Kagan while appreciates Kamm’s efforts to solve the trolley problem, but he also criticizes her for putting some morally insignificant or even irrelevant criterion in her PPH. He says that “when directly consider the difference between the harm being caused by the saving of the many (or its non-causal flip side) and its being caused by a mere means to the saving of the many, it isn’t at all obvious—to me, at least—why a difference like that should matter morally” (p.158). In response Kamm may appeal to the distinction between subordination and substitution. In subordination case like the Driver Toppling case, one person is considered as a mere means to save others while in substitution like in Driver case, no such subordination is involved.  Kamm may claim that the subordination/substitution distinction corresponds and matches with causal/non-causal flip side role of the victims in those cases.
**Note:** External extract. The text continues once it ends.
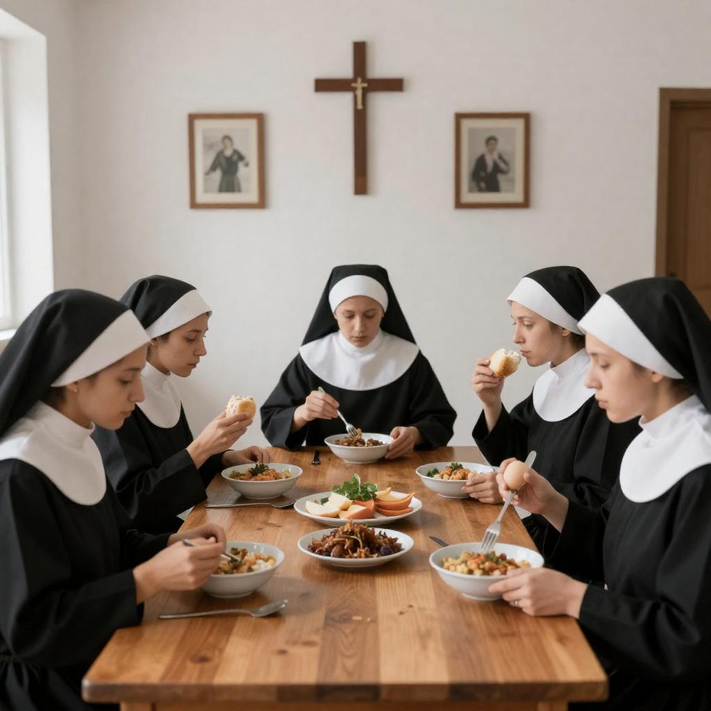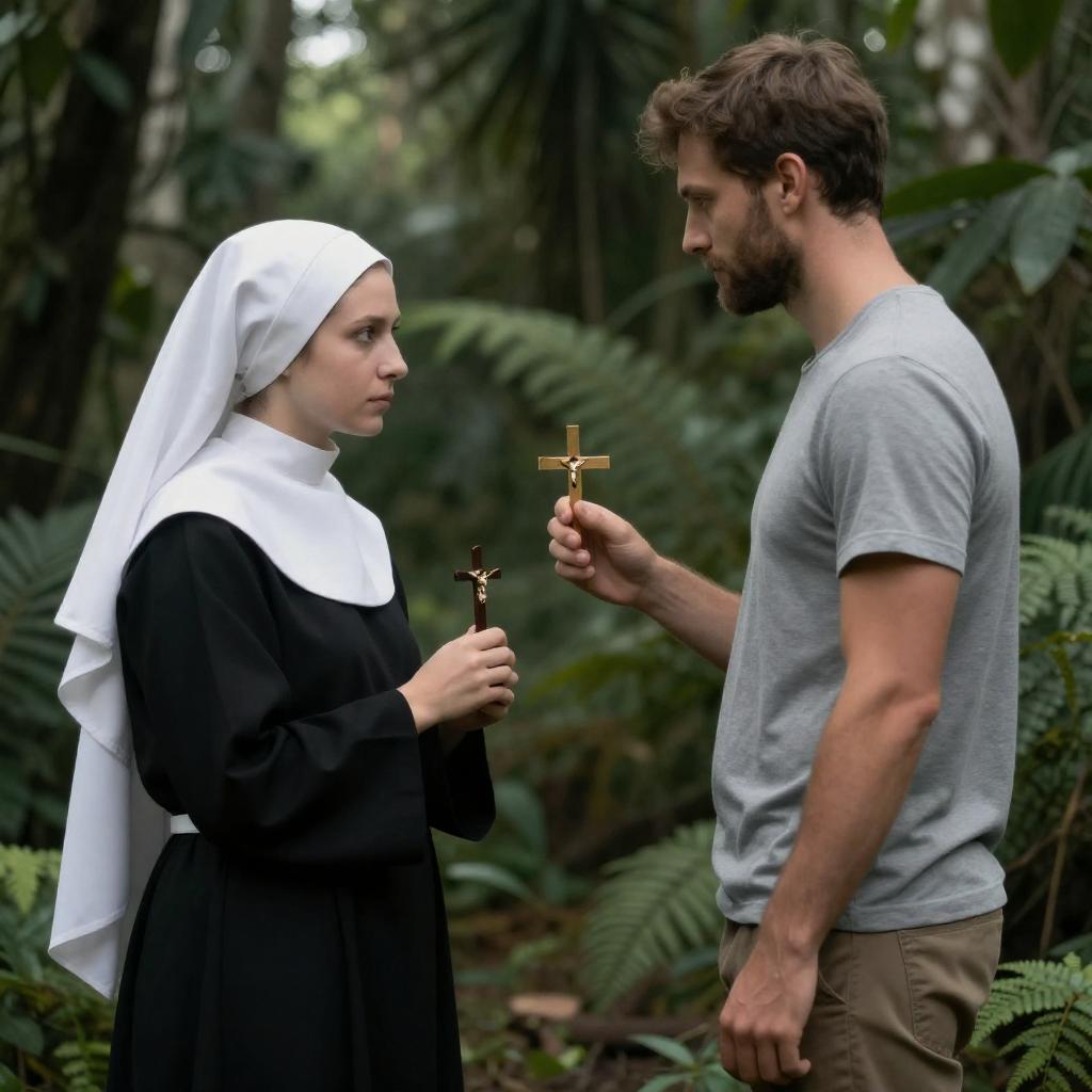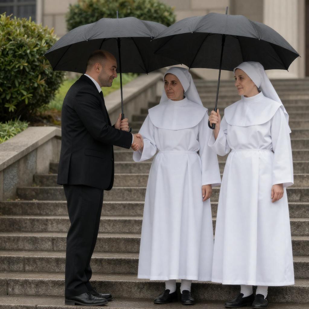 Man Taking Pastry from Nun on City Street

However the main question remains that why this correspondence is the case, or in other words, why the causal inter-victim relation makes this a case of subordination.  

In response to her commentators Kamm tries to answer these objections and many other objections. And these remarkable exchanges between some leading contributors make this book really invaluable. I suggest reading this book to every graduate student or moral philosopher who wishes to know lots of hypothetical cases in which the trolley problem happens. I think it fair to say that no one has showed so many hypothetical cases in order to solve the trolley problem, but the book with those too many examples seems to me more puzzling than illuminating.